脚本管理日志流式采集处理保存过程
Posted Mr.zhou_Zxy
tags:
篇首语:本文由小常识网(cha138.com)小编为大家整理,主要介绍了脚本管理日志流式采集处理保存过程相关的知识,希望对你有一定的参考价值。
使用脚本管理日志采集过程
实现将数据通过hudi,导入到hdfs中,并创建hive表来存储数据
[hdfs,yarn,hive,openresty,frp,zookeeper,kafka,log2hudi]
1.流程介绍:
首先通过frp穿透,将数据数据穿透到openresty
再从openresty,通过lua脚本,将数据从生产端生产到Kafka中
再从Kafka通过代码将数据通过hudi和Struct Streaming保存到hdfs中
并在hive中建立表,方便后续分析
2.Real_time_data_warehouse.sh
#!/bin/bash
# filename:Real_time_data_warehouse.sh
# autho:zxy
# date:2021-07-19
# 使用脚本实现开启hdfs和yarn进程,hive服务,启动frp穿透,开启openresty采集数据,开启Kafka的服务,执行log2hudi脚本
# 1.start-dfs.sh
# start-yarn.sh
# stop-yarn.sh
# stop-dfs.sh
# 2.sh /opt/apps/scripts/hiveScripts/start-supervisord-hive.sh start
# sh /opt/apps/scripts/hiveScripts/start-supervisord-hive.sh stop
# 3.sh /opt/apps/scripts/frpScripts/frp-agent.sh start
# sh /opt/apps/scripts/frpScripts/frp-agent.sh stop
# 3.openresty -p /opt/apps/collect-app/
# openresty -p /opt/apps/collect-app/ -s stop
# 4.sh /opt/apps/scripts/kafkaScripts/start-kafka.sh zookeeper
# sh /opt/apps/scripts/kafkaScripts/start-kafka.sh kafka
# sh /opt/apps/scripts/kafkaScripts/start-kafka.sh stop
# 5.sh /opt/apps/scripts/log2hudi.sh start
# sh /opt/apps/scripts/log2hudi.sh stop
#JDK环境
JAVA_HOME=/data/apps/jdk1.8.0_261
#Hadoop环境
HADOOP_HOME=/data/apps/hadoop-2.8.1
#Hive环境
HIVE_HOME=/data/apps/hive-1.2.1
#Kafka环境
KAFKA_HOME=/data/apps/kafka_2.11-2.4.1
#Frp穿透环境
FRP_HOME=/data/apps/frp
#Openresty环境
COLLECT_HOME=/data/apps/collect-app
#脚本目录
SCRIPTS=/opt/apps/scripts
#接收参数
CMD=$1
DONE=$2
## 帮助函数
usage() {
echo "usage:"
echo "Real_time_data_warehouse.sh hdfs start/stop"

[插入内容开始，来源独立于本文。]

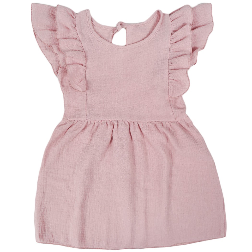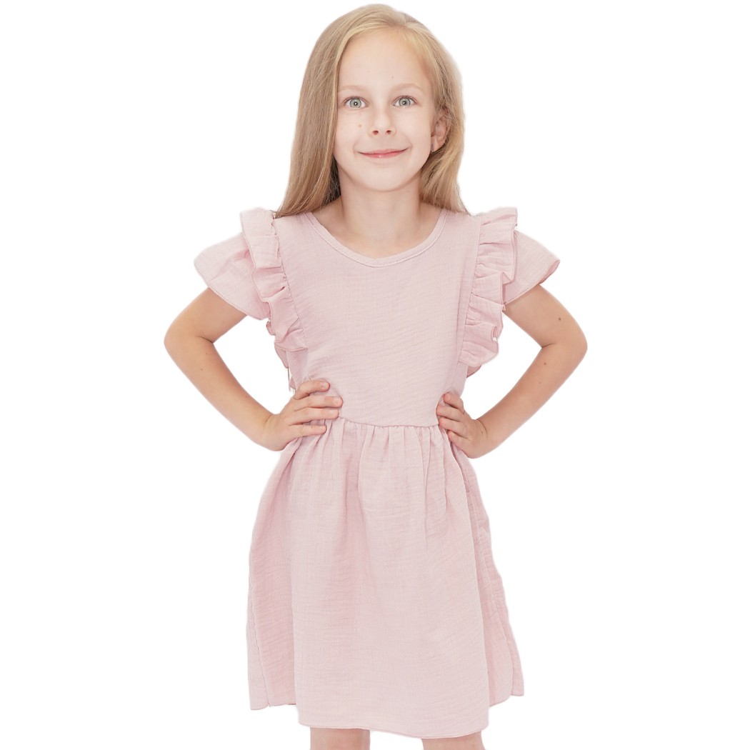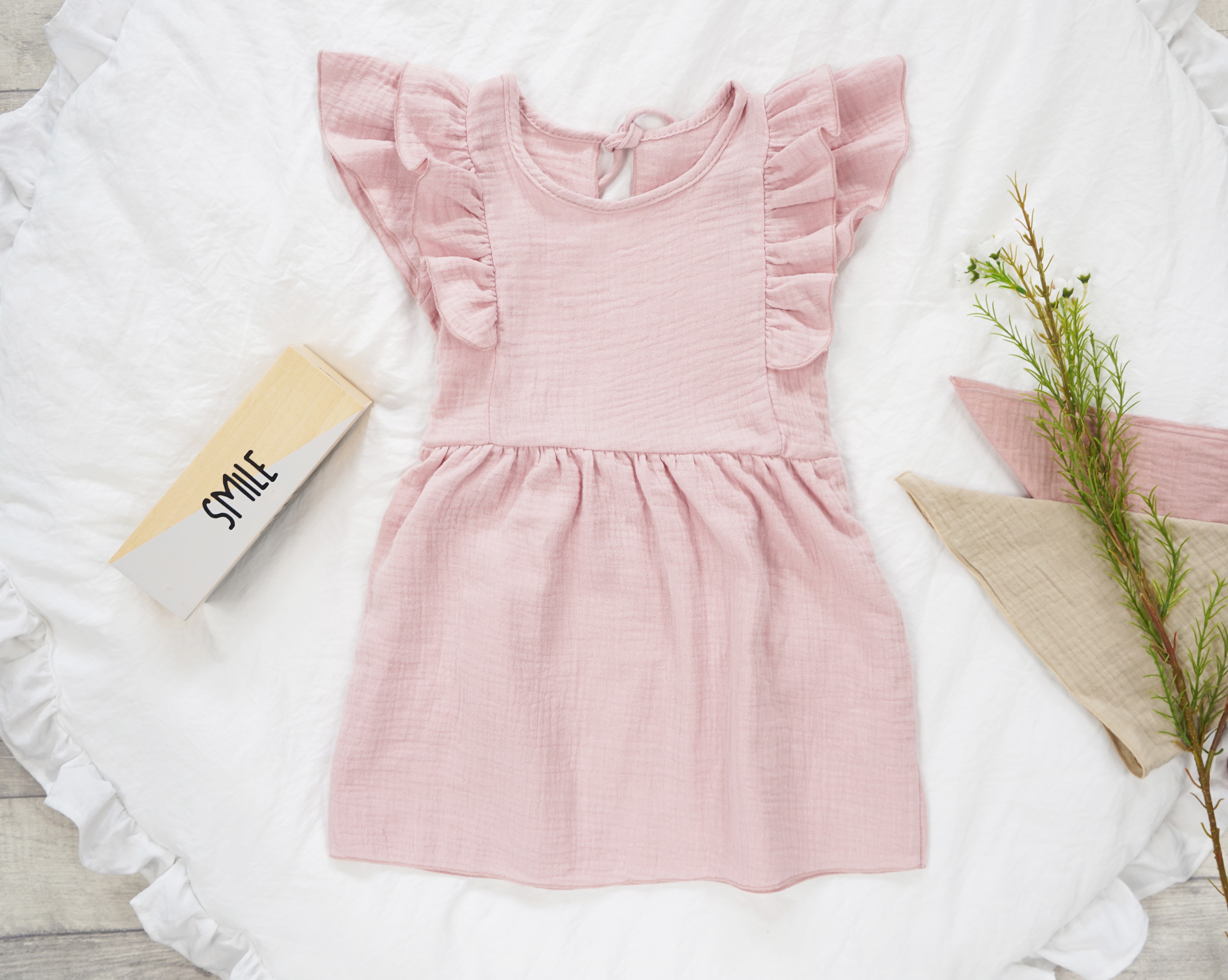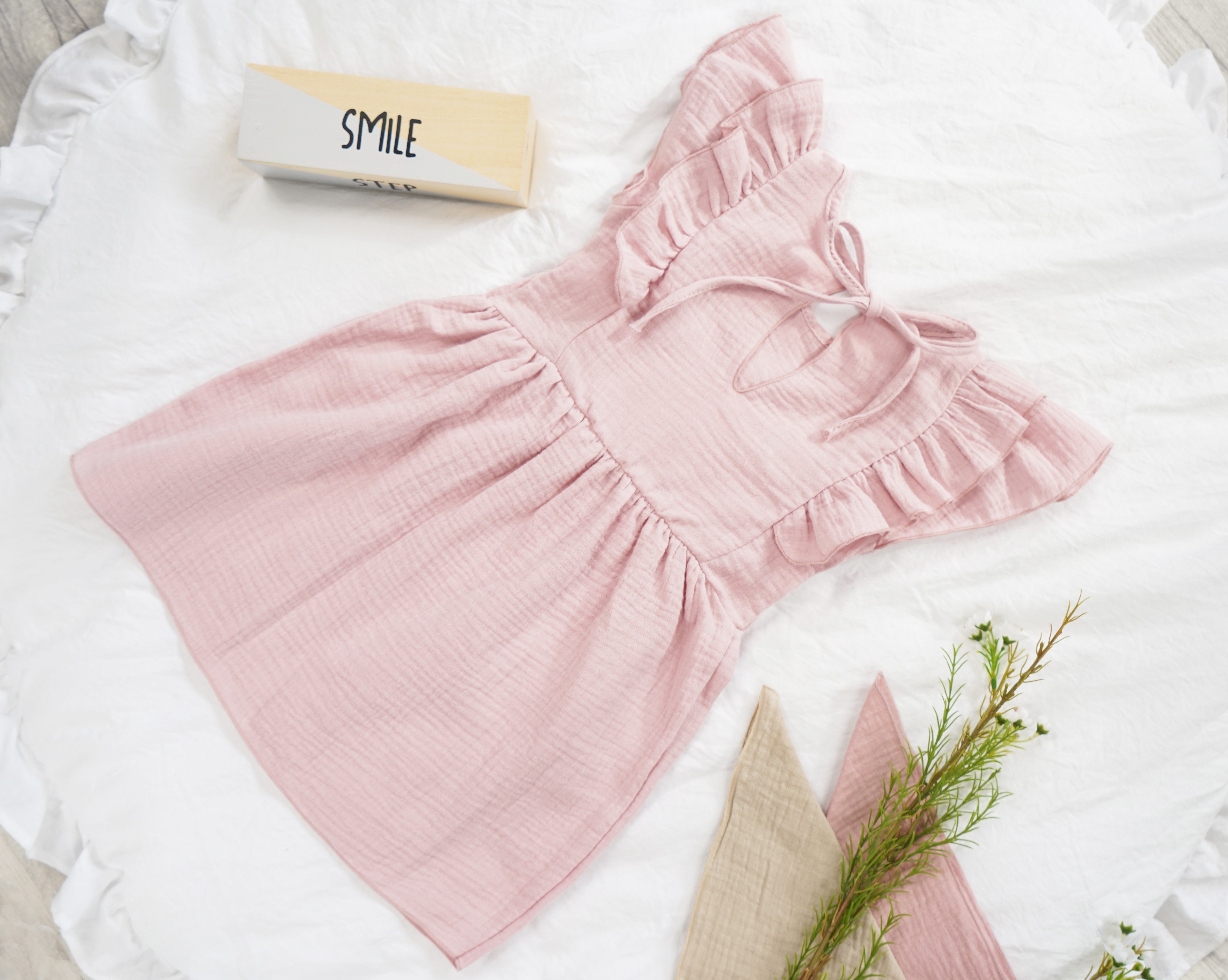 Sukienka ozdobiona falbankami na ramionach. Sukieneczka dla dziewczynki wciągana przez głowę i zawiązywana na karku z ozdobnym wycięciem na plecach. Przy szyjce wykończona delikatną lamówką. Uszyta z miękkiej i przyjemnej w dotyku bawełny muślinowej idealnej na letnie, upalne temperatury.

echo "Real_time_data_warehouse.sh yarn start/stop"
echo "Real_time_data_warehouse.sh hive start/stop"
echo "Real_time_data_warehouse.sh frp start/stop"

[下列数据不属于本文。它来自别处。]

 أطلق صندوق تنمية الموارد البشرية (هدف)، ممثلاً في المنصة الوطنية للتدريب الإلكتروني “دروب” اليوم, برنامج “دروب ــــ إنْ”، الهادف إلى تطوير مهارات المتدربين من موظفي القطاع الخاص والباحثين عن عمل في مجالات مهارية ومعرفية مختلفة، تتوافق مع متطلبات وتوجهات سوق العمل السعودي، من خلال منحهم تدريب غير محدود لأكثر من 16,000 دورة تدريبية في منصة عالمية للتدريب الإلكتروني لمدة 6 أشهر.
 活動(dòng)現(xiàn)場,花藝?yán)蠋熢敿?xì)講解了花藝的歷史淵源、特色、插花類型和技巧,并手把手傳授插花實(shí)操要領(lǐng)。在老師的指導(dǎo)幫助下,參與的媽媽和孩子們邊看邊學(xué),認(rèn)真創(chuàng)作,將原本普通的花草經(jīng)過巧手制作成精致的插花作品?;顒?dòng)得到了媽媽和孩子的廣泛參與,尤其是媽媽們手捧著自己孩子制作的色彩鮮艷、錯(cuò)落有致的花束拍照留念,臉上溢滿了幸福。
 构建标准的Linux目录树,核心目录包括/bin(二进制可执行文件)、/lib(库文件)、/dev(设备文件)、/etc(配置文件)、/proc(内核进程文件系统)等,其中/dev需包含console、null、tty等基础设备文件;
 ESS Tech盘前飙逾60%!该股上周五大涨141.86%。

echo "Real_time_data_warehouse.sh openresty start/stop"
echo "Real_time_data_warehouse.sh zookeeper start/stop"
echo "Real_time_data_warehouse.sh kafka start/stop"
echo "Real_time_data_warehouse.sh log2hudi start/stop"
echo "description:"
echo " hdfs:start/stop hdfsService"
echo " yarn:start/stop yarnService"
echo " hive:start/stop hiveService"
echo " frp:start/stop frpService"
echo " openresty:start/stop openrestyService"
echo " zookeeper:start/stop zookeeperService"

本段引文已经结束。